#svelte
#javascript
#frontend
Day 10: Stores & Universal Reactivity
Welcome to Day 10.
In Svelte 3/4, we had “Stores” (writable, readable). They were great.
In Svelte 5, we have Universal Reactivity.
Reactions Outside Components
You can use Runes ($state, $derived) in .svelte.ts (or .svelte.js) files! This basically obsoletes stores for 90% of use cases.

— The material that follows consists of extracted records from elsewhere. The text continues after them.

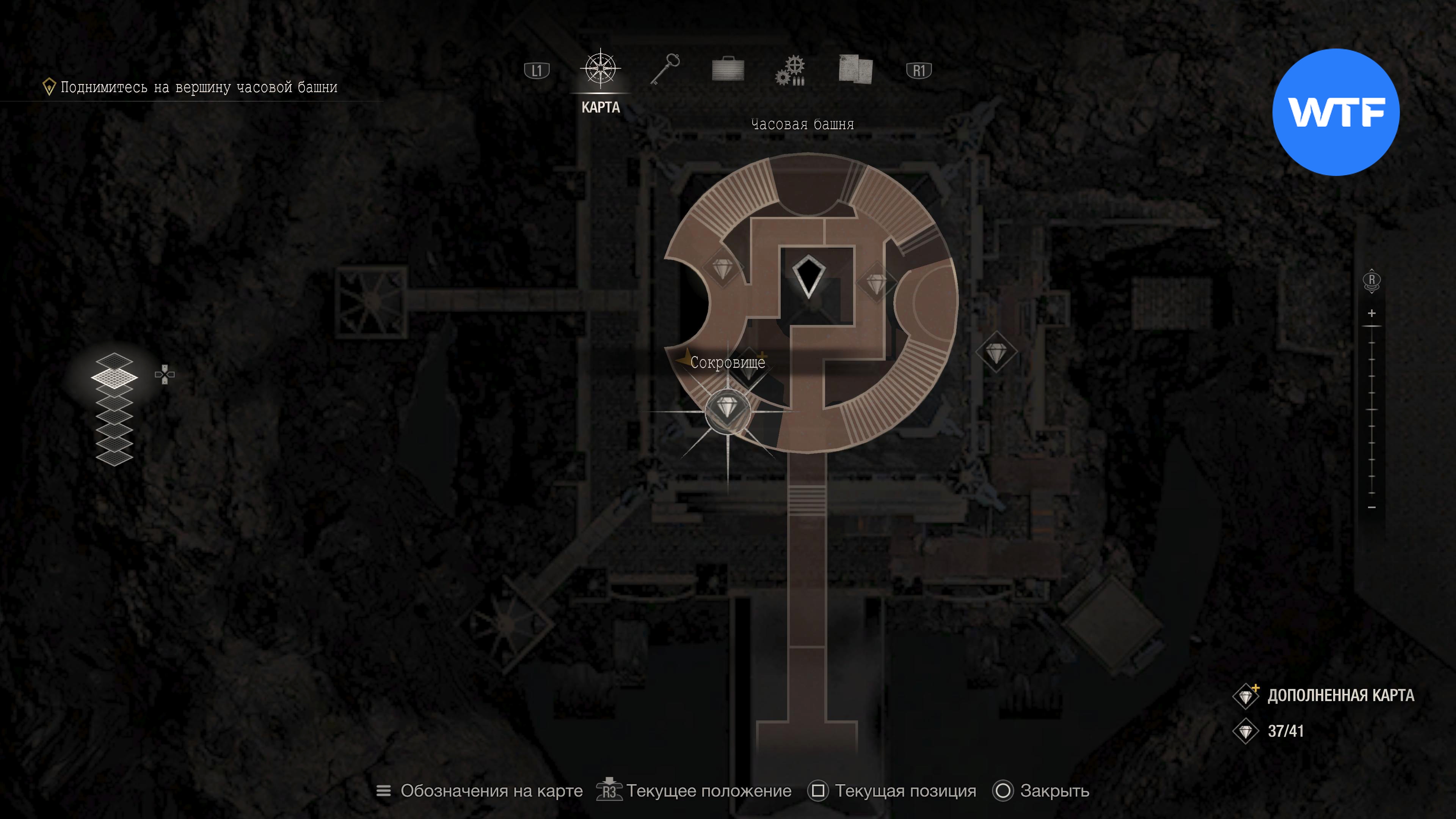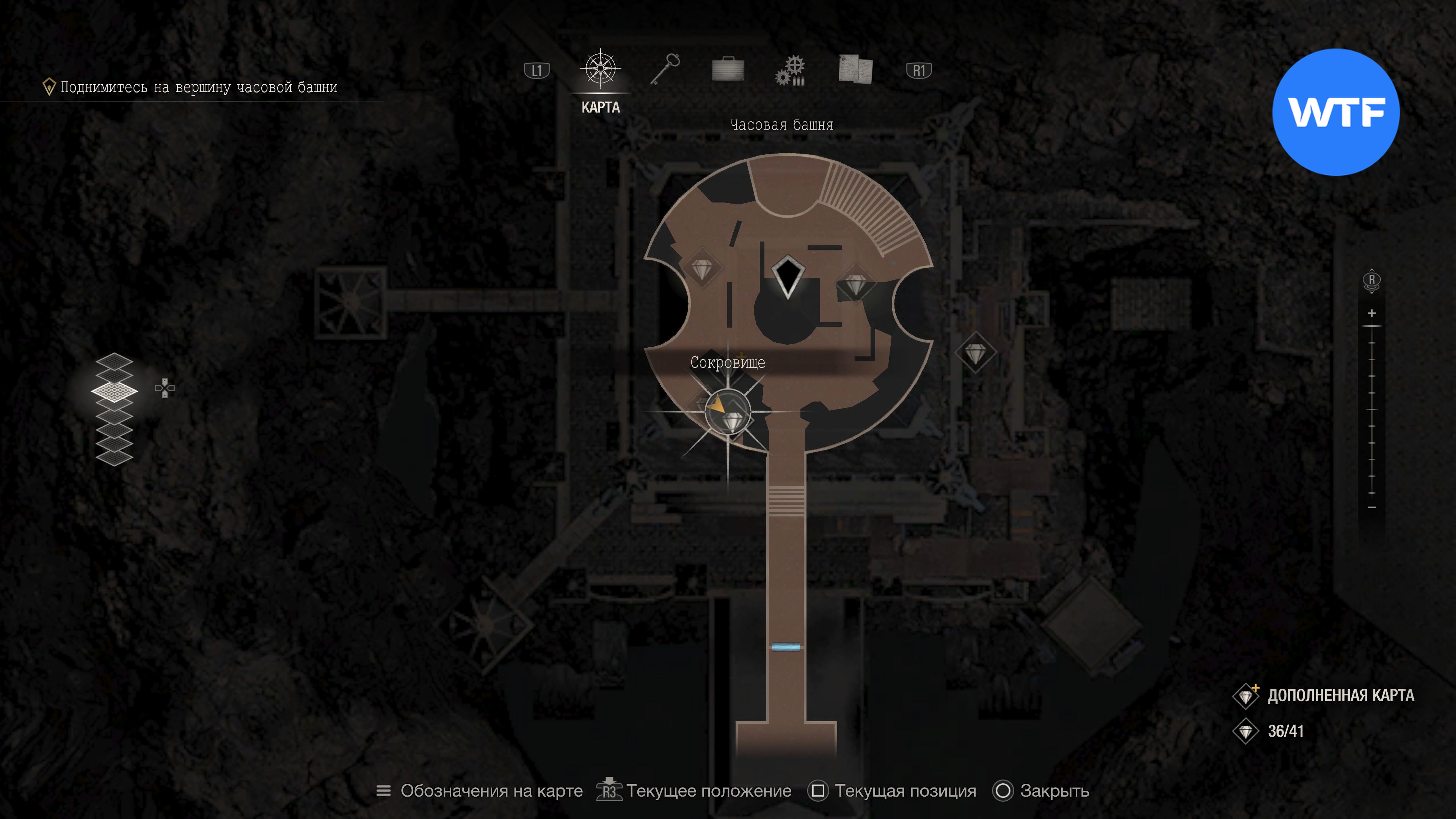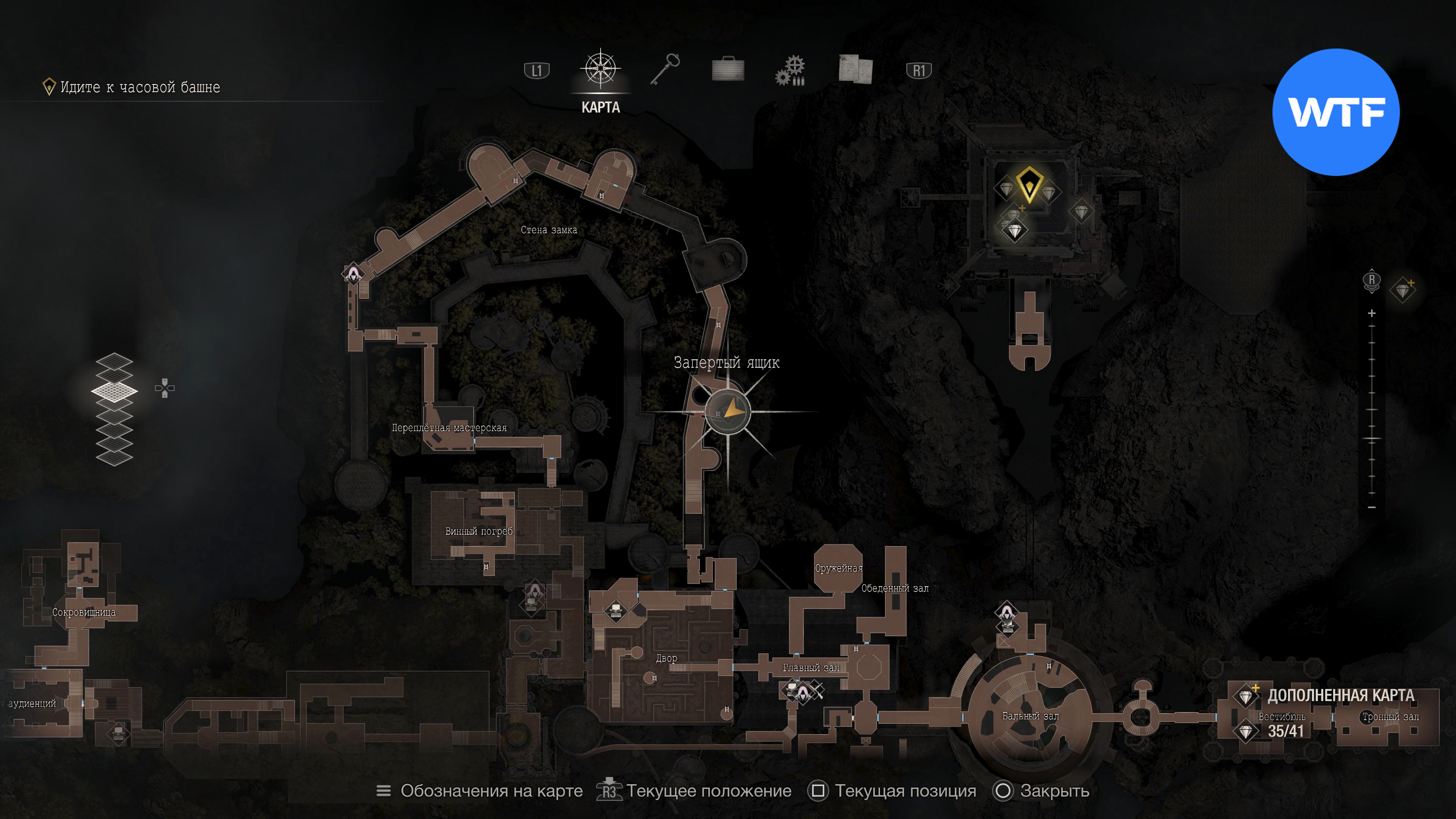 Сразу после начала главы поднимитесь на лифте и заберите маленький ключ со столика возле золотой вагонетки. Он нужен, чтобы открыть запертый ящик в одной и башен.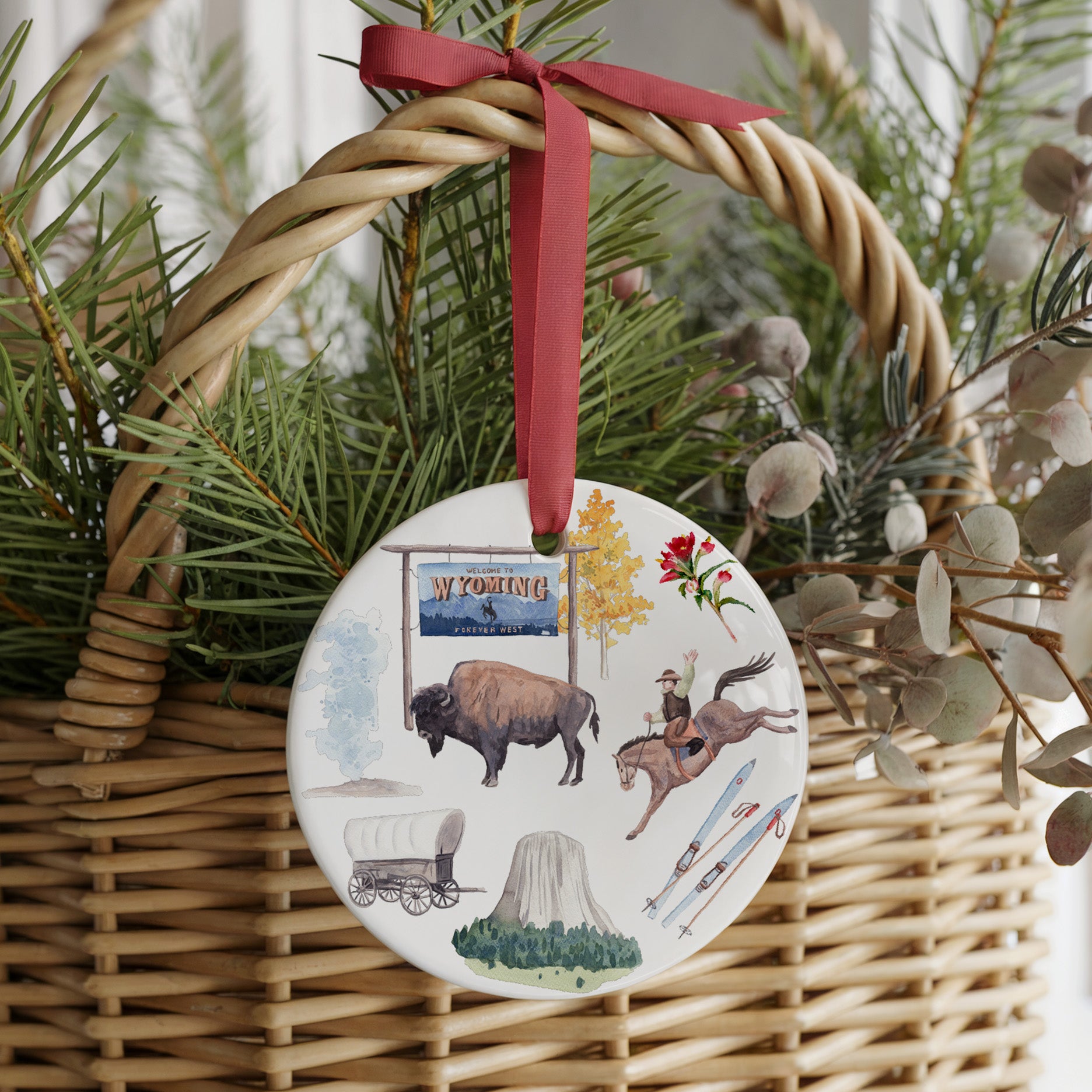 Celebrate the spirit of the Wild West with our Wyoming Forever! ornament, a hand-illustrated design that captures the rugged beauty of the state. The mighty bison, cowboy and iconic landmarks like the Devil’s Tower and “Welcome to Wyoming” sign grace one side, the Wyoming flag on the other. This ornament brings frontier charm to holiday décor.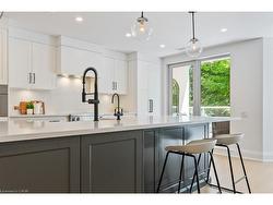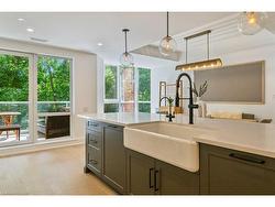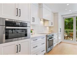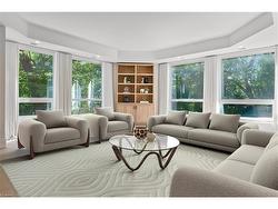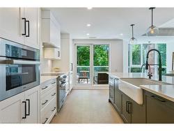 Located in Old Oakville, just steps from the GO station and Whole Foods, and a short stroll to boutique downtown shops, this 3-bedroom, 3.5-bath corner suite offers the perfect balance of urban convenience and peaceful neighborhood living.Nearly 3,000 sq ft of sunlight-filled space features wide plank white oak floors, a Chervin-crafted kitchen with new Miele appliances, and two private terraces for morning coffee or evening relaxation. A custom bookcase door reveals a hidden bonus room—ideal as a home office, screening room, or creative studio.The primary suite is a private retreat with its own terrace, sitting nook, walk-in closet, and spa-level marble ensuite. Two additional bedrooms with ensuites, full laundry with storage, and curated modern finishes complete the home.Building amenities include an indoor pool, fitness center, hobby room, party space, two premium parking spots, and two lockers—all within a calm, community-minded setting.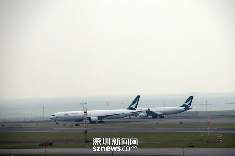 打開右手邊車窗,就可以看到香港機(jī)場的停機(jī)坪
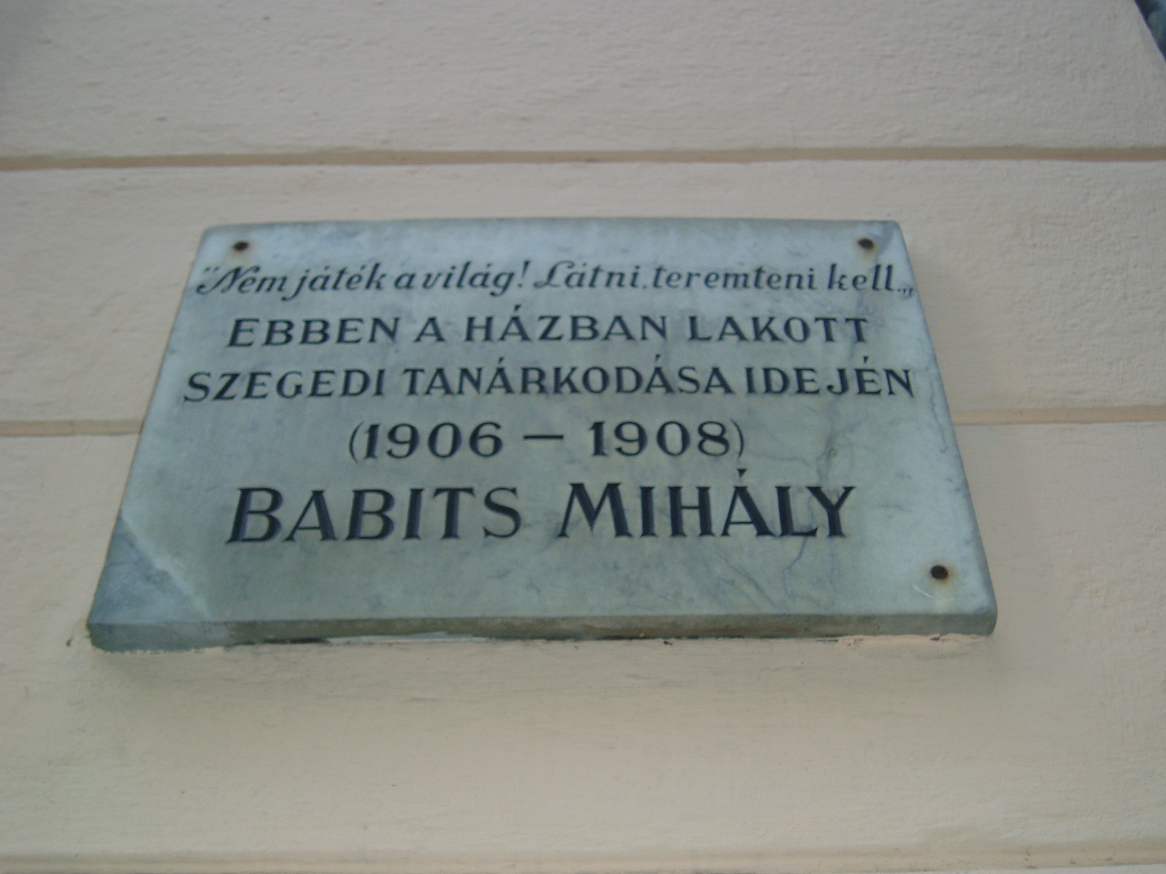 Nyilvános 1280 | 1883 | Szeged, Vitéz utca 16. | A Szentháromság utcát keresztező Vitéz utca 16. számú házán emléktábla olvasható: e házban lakott szegedi tanárkodása idején (lásd: Szeged, Horváth Mihály u. 2.), 1906 karácsonyától 1908 nyaráig Babits Mihály. 1956-ban, a tábla leleplezésekor jelen volt Szabó Lőrinc. Az emlékünnepségen ő idézte fel mesterének és barátjának alakját. Babits alkotói csöndet talált ebben a házban. A költőtárs Juhász Gyula, aki többször járt itt nála, 1924-ben megjelent "Babits Szegeden" című írásában így emlékezett: "Életét megosztotta az iskola és az irodalom között; volt idő, amikor csak az éjszaka óráit szakíthatta a költészetnek ... Megesett, hogy késő reggel benyitottam hozzá, és még mindig olvasmányába elmerülten találtam. Lámpája égett, pedig a nap már régen besütött az ablakán." Itt írta Babits a "Levelek Írisz koszorújából" című kötetének számos versét és itt érlelődött benne Dante-fordítása is. A fénykép 2007 júliusában készült. Felh. irod.: Péter László: Szeged. Bp. Panoráma, 1981 |

Creating a Store (counter.svelte.ts)
// counter.svelte.ts
let count = $state(0);
export function getCount() {
return count;
}
export function increment() {
count += 1;
}
Wait, count is a local variable in the module scope. It’s a singleton!
App.svelte
<script>
import { getCount, increment } from './counter.svelte.ts';
</script>
<button onclick={increment}>
Clicks: {getCount()}
</button>
Class-Based Stores
If you need multiple instances, use a class.
// ThemeManager.svelte.ts
export class ThemeManager {
isDark = $state(false);
toggle() {
this.isDark = !this.isDark;
}
}
export const theme = new ThemeManager(); // Singleton instance
Header.svelte
<script>
import { theme } from './ThemeManager.svelte.ts';
</script>
<button onclick={() => theme.toggle()}>
Mode: {theme.isDark ? 'Dark' : 'Light'}
</button>
Legacy Stores
The old writable stores still exist and are useful if you are integrating with RxJS or things that need the .subscribe pattern.
import { writable } from 'svelte/store';
export const count = writable(0);
But typically, just use $state in a shared file.
Challenge for Day 10
- Create
cart.svelte.ts. - It should hold an array of items (
$state([])). - Export functions
addItem(item)andtotal(a derived getter). - Use it in two different components (
ProductList.svelteandCartSummary.svelte) to prove they share state.
Solution:
// cart.svelte.ts
let items = $state([]);
export const cart = {
get items() { return items },
add(item) { items.push(item) },
get total() { return items.length }
};
You have mastered Svelte Core. Tomorrow, we graduate to SvelteKit – the meta-framework for building full apps.